[PROVIDED MATERIAL — start]

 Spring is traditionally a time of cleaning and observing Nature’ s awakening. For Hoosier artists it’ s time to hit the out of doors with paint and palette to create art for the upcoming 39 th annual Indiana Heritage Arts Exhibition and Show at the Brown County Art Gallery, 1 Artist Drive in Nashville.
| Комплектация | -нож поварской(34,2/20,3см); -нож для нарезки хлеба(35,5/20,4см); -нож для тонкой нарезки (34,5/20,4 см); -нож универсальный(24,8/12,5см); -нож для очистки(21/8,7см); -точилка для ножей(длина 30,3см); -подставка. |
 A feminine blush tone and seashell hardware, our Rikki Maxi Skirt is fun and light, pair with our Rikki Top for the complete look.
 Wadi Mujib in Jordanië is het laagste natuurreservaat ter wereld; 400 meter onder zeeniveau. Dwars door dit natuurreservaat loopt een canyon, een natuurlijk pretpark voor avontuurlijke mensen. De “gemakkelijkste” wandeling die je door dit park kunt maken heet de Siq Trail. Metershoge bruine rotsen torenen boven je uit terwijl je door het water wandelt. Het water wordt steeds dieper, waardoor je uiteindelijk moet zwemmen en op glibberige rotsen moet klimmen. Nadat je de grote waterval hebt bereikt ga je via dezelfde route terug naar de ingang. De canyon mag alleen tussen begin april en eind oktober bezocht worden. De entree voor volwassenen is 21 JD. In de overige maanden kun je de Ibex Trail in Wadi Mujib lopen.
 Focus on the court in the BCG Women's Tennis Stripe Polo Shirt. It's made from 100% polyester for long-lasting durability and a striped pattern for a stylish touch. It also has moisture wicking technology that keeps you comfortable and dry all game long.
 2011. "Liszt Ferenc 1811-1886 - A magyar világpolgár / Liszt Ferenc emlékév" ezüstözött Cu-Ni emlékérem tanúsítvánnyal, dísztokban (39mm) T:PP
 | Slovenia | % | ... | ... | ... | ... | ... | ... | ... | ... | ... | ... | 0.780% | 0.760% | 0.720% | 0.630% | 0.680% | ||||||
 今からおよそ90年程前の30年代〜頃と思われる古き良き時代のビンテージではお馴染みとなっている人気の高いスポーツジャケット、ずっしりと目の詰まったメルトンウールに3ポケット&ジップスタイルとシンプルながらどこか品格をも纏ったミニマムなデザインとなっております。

[PROVIDED MATERIAL — finish]

■ TASK
Please give back only the lines between the first line of the entries and the line with "Focus on the", both ends included, word for word.

■ ANSWER AREA
 Spring is traditionally a time of cleaning and observing Nature’ s awakening. For Hoosier artists it’ s time to hit the out of doors with paint and palette to create art for the upcoming 39 th annual Indiana Heritage Arts Exhibition and Show at the Brown County Art Gallery, 1 Artist Drive in Nashville.
| Комплектация | -нож поварской(34,2/20,3см); -нож для нарезки хлеба(35,5/20,4см); -нож для тонкой нарезки (34,5/20,4 см); -нож универсальный(24,8/12,5см); -нож для очистки(21/8,7см); -точилка для ножей(длина 30,3см); -подставка. |
 A feminine blush tone and seashell hardware, our Rikki Maxi Skirt is fun and light, pair with our Rikki Top for the complete look.
 Wadi Mujib in Jordanië is het laagste natuurreservaat ter wereld; 400 meter onder zeeniveau. Dwars door dit natuurreservaat loopt een canyon, een natuurlijk pretpark voor avontuurlijke mensen. De “gemakkelijkste” wandeling die je door dit park kunt maken heet de Siq Trail. Metershoge bruine rotsen torenen boven je uit terwijl je door het water wandelt. Het water wordt steeds dieper, waardoor je uiteindelijk moet zwemmen en op glibberige rotsen moet klimmen. Nadat je de grote waterval hebt bereikt ga je via dezelfde route terug naar de ingang. De canyon mag alleen tussen begin april en eind oktober bezocht worden. De entree voor volwassenen is 21 JD. In de overige maanden kun je de Ibex Trail in Wadi Mujib lopen.
 Focus on the court in the BCG Women's Tennis Stripe Polo Shirt. It's made from 100% polyester for long-lasting durability and a striped pattern for a stylish touch. It also has moisture wicking technology that keeps you comfortable and dry all game long.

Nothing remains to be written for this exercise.